REQUIRED ACTION: The data below contains pictures, which are to be skipped; the lines starting at the line with "Bu düşüşten sonra" and ending at the line with "Air Hockey Table" are to be output exactly, both ends included.

···

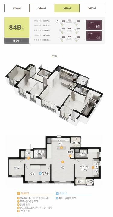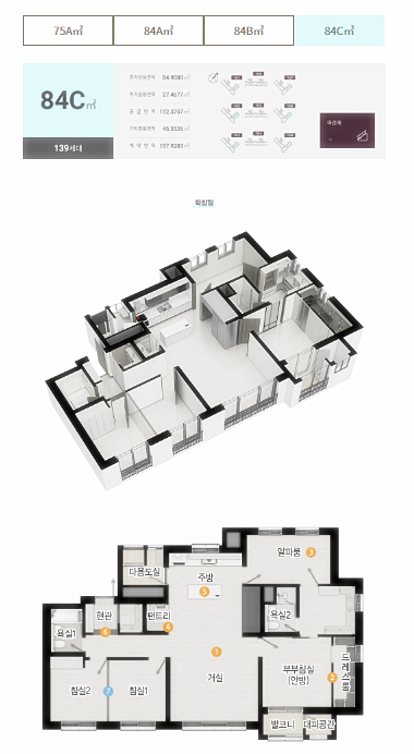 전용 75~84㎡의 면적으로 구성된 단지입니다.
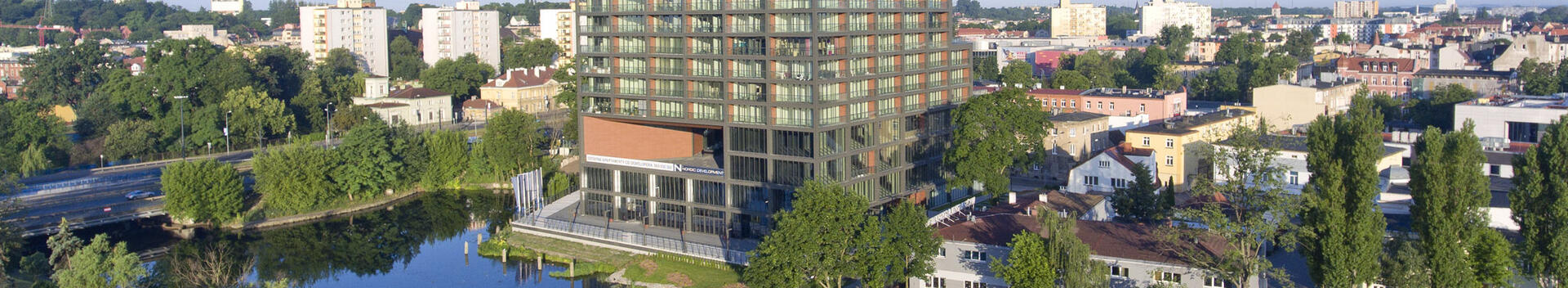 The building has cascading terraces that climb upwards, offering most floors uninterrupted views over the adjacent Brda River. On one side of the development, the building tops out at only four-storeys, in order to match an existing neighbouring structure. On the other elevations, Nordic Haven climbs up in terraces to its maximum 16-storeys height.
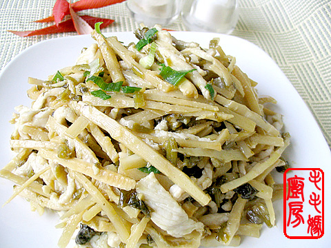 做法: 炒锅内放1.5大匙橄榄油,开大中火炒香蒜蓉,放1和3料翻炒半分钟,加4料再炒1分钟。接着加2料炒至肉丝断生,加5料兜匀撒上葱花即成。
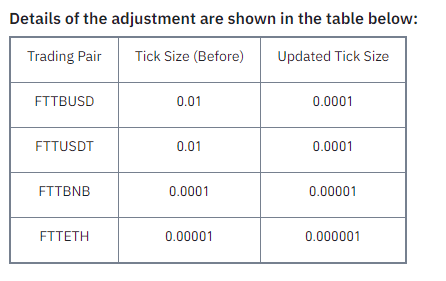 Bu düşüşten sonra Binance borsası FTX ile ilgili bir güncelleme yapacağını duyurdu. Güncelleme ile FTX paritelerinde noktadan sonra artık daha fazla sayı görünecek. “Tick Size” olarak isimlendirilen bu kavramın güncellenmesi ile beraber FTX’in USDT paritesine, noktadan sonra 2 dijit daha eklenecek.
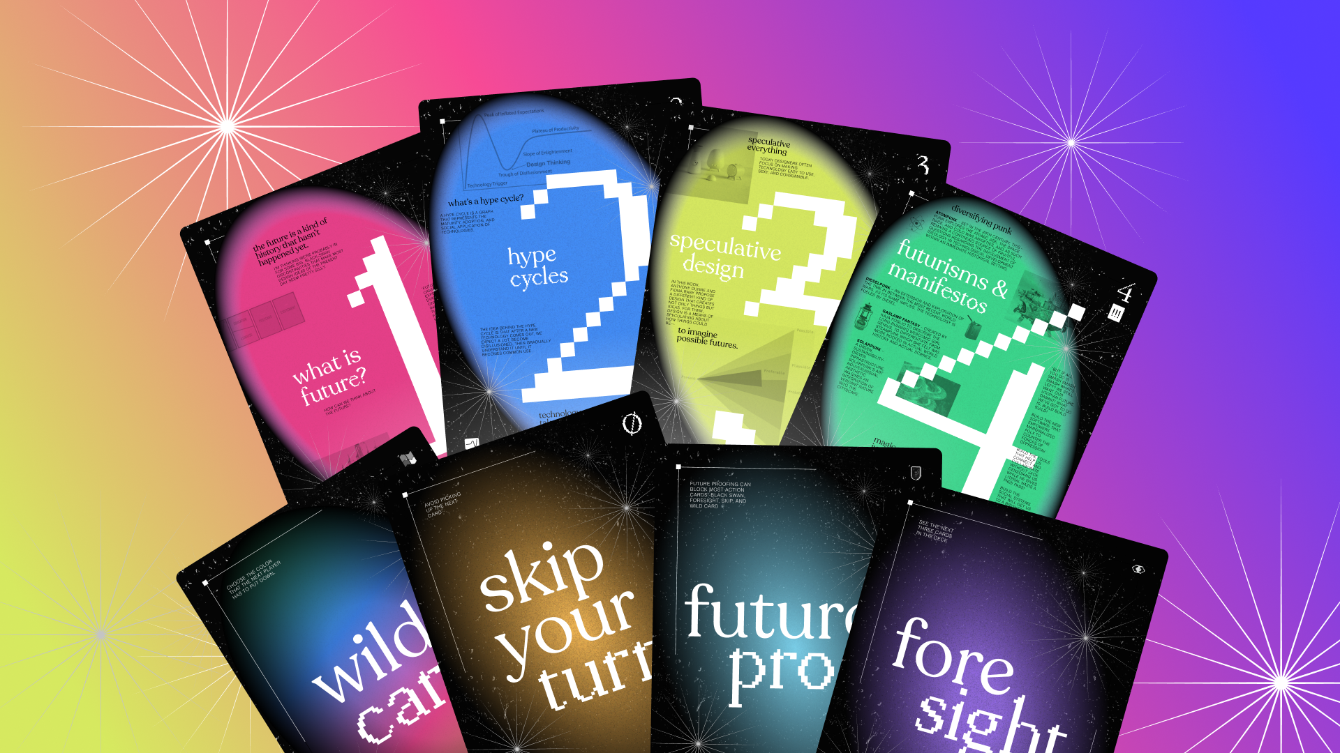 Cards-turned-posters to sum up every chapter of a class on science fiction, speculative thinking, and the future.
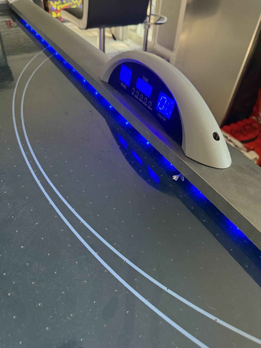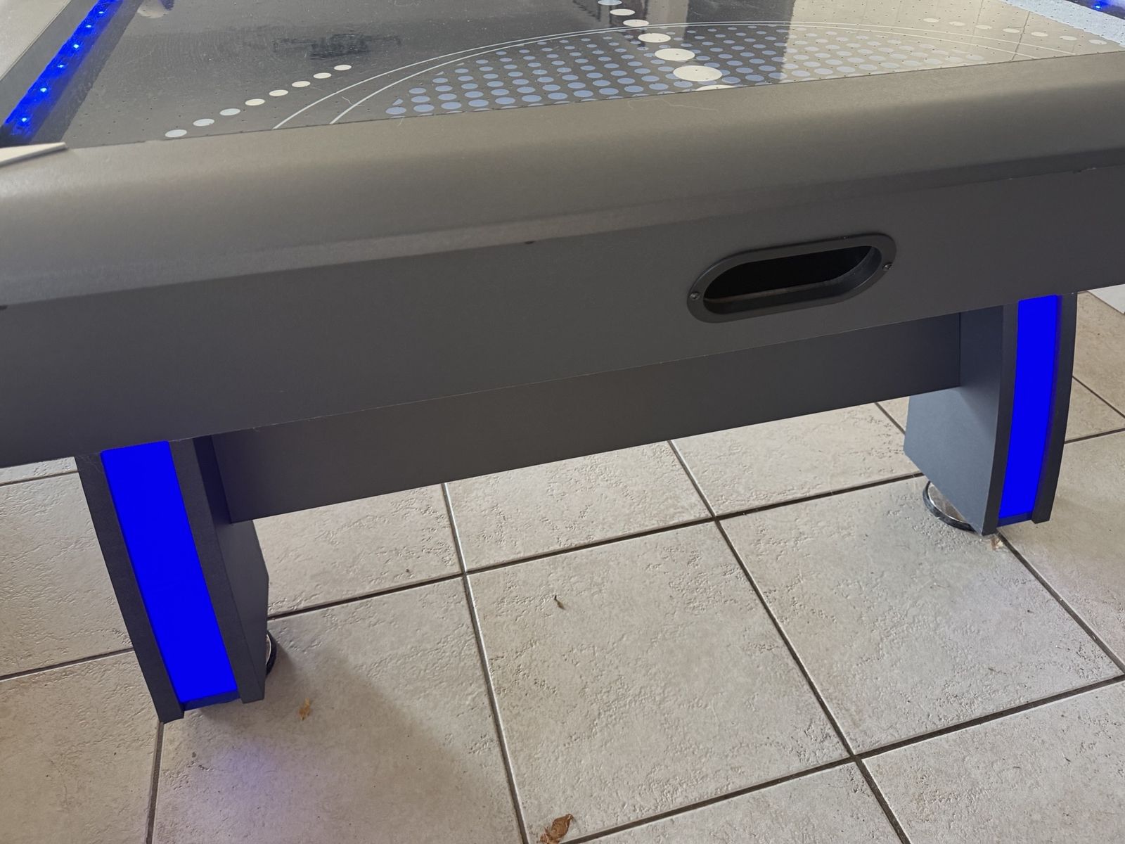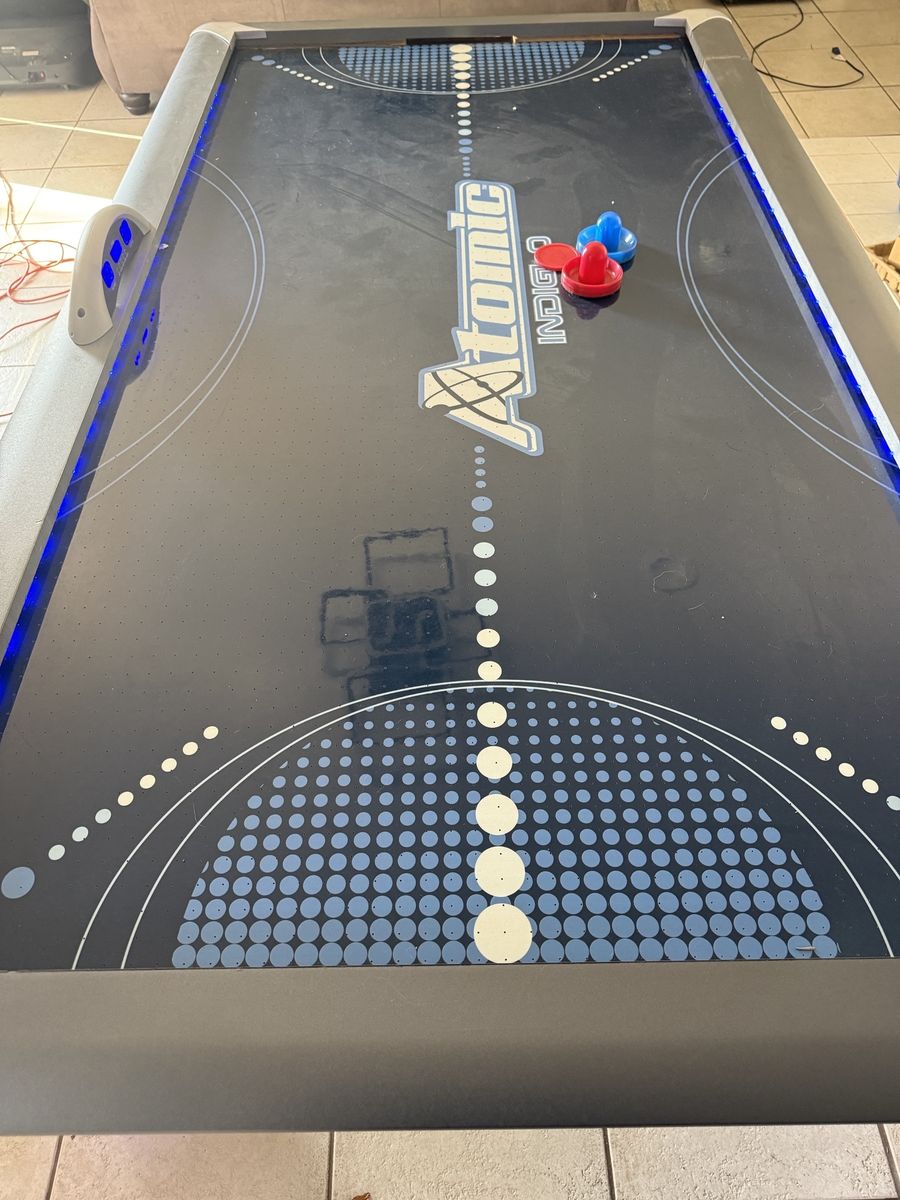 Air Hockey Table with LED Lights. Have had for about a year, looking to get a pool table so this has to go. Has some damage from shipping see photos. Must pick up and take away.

···

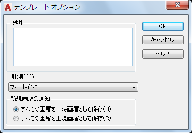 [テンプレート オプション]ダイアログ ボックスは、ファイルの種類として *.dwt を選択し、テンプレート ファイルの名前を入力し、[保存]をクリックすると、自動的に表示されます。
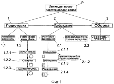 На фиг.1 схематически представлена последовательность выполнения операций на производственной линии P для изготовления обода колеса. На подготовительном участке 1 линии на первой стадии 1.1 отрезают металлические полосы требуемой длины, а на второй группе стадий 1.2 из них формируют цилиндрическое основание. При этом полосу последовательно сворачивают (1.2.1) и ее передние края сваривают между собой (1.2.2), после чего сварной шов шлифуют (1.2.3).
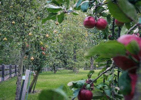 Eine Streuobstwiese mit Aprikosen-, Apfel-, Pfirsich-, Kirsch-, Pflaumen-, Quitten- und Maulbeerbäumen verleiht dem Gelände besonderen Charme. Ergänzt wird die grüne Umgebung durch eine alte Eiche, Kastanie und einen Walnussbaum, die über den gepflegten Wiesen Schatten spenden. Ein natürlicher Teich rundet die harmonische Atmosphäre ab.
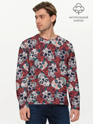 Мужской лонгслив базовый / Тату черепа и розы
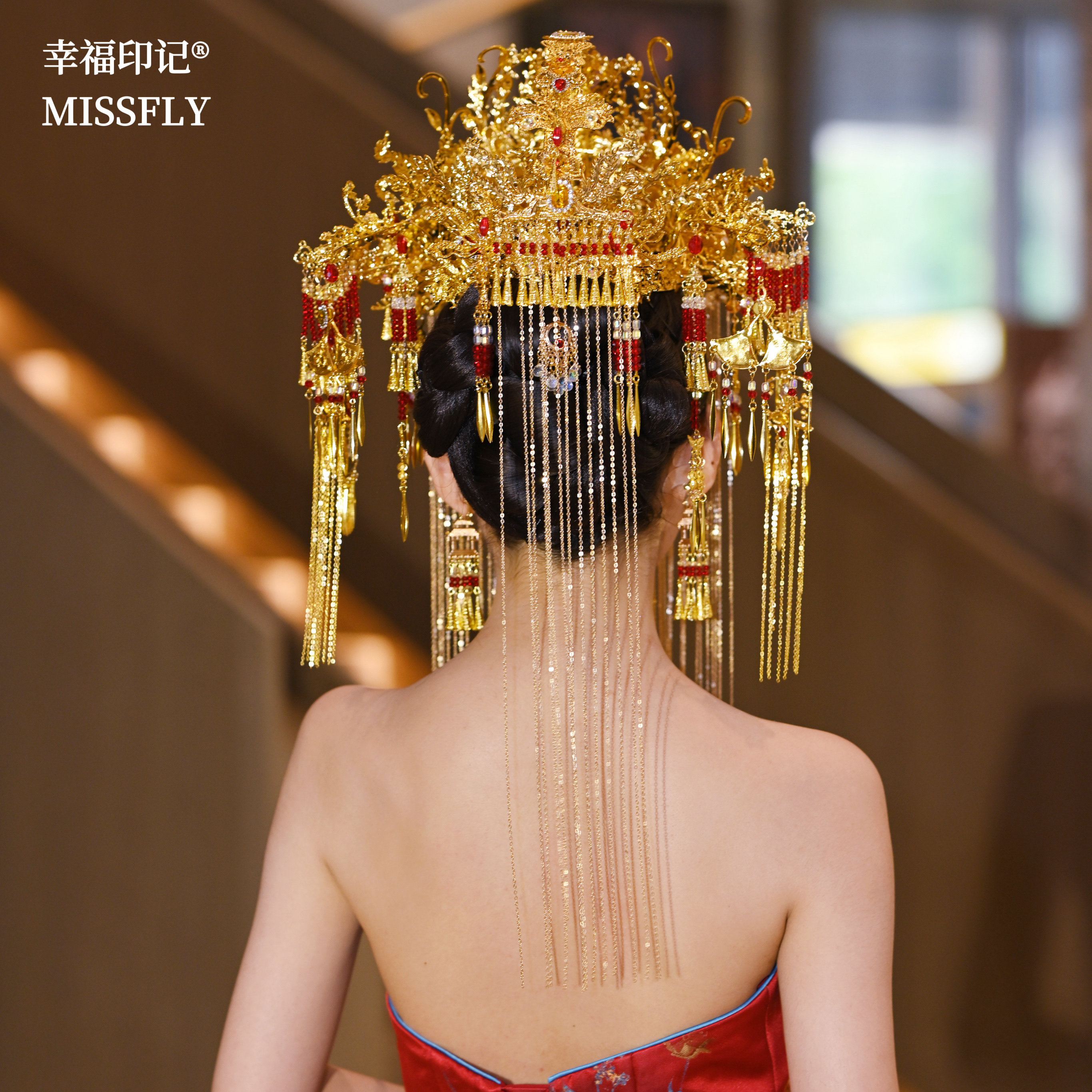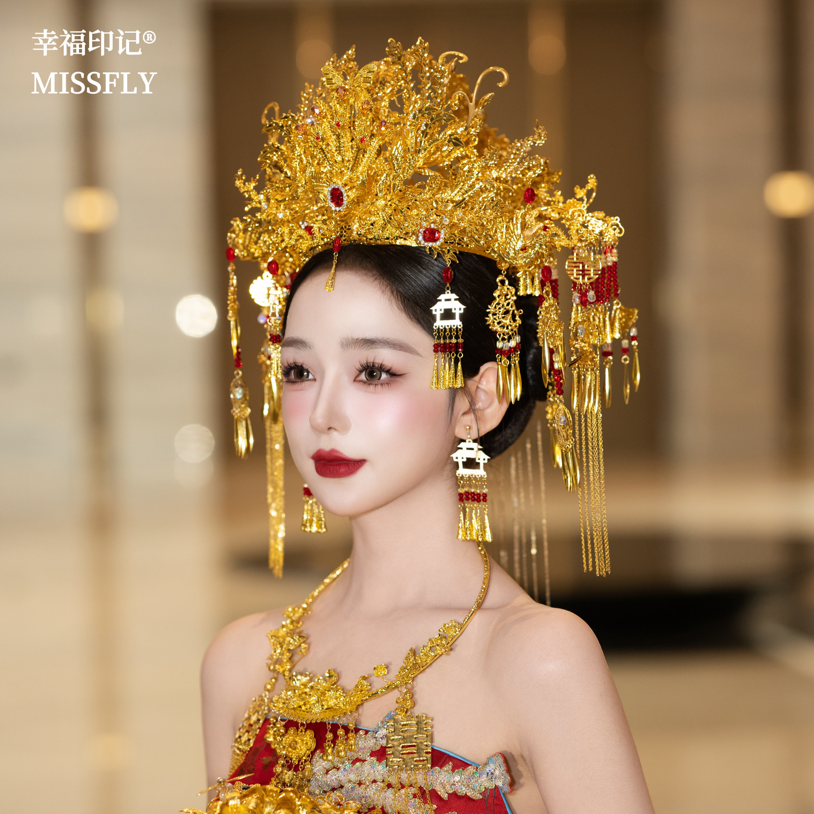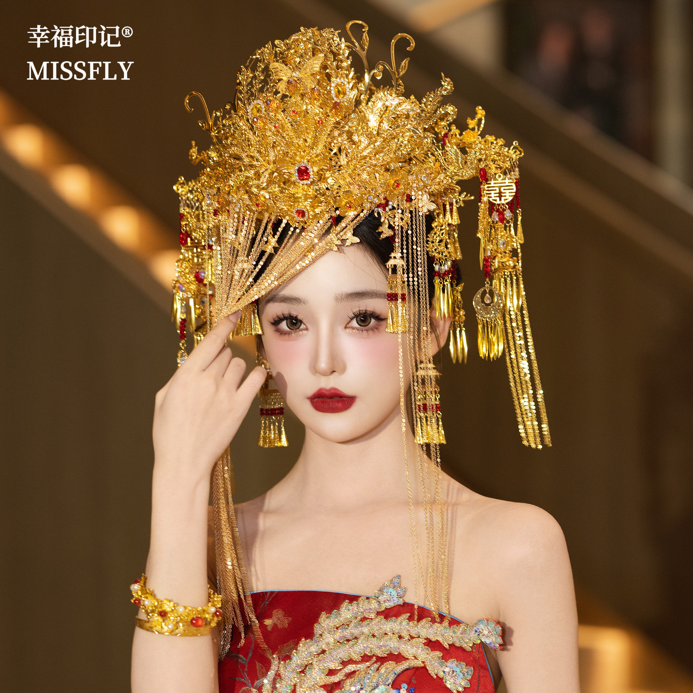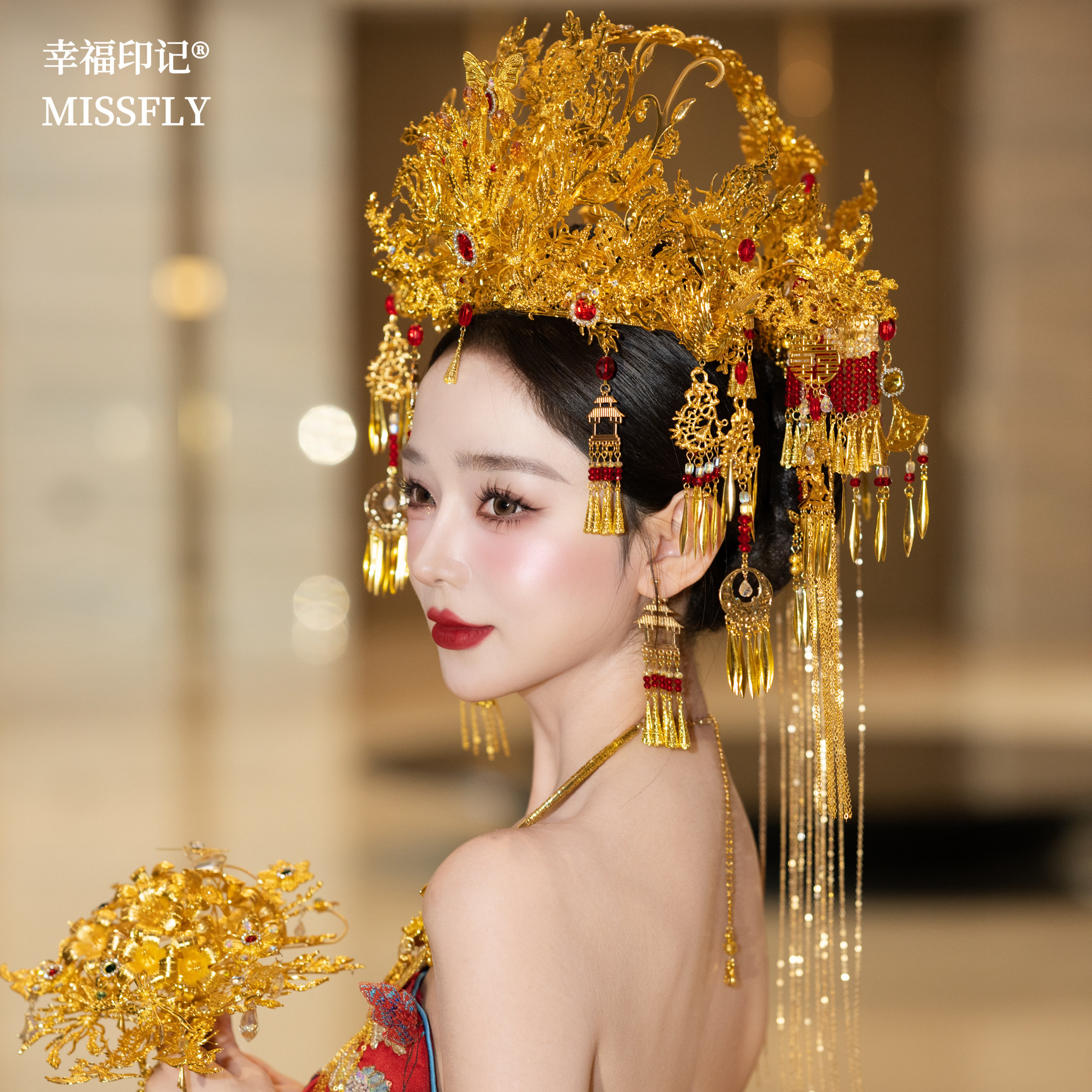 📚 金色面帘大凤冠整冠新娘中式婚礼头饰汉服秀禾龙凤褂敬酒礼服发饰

···

TASK RESPONSE:
 Bu düşüşten sonra Binance borsası FTX ile ilgili bir güncelleme yapacağını duyurdu. Güncelleme ile FTX paritelerinde noktadan sonra artık daha fazla sayı görünecek. “Tick Size” olarak isimlendirilen bu kavramın güncellenmesi ile beraber FTX’in USDT paritesine, noktadan sonra 2 dijit daha eklenecek.
 Cards-turned-posters to sum up every chapter of a class on science fiction, speculative thinking, and the future.
 Air Hockey Table with LED Lights. Have had for about a year, looking to get a pool table so this has to go. Has some damage from shipping see photos. Must pick up and take away.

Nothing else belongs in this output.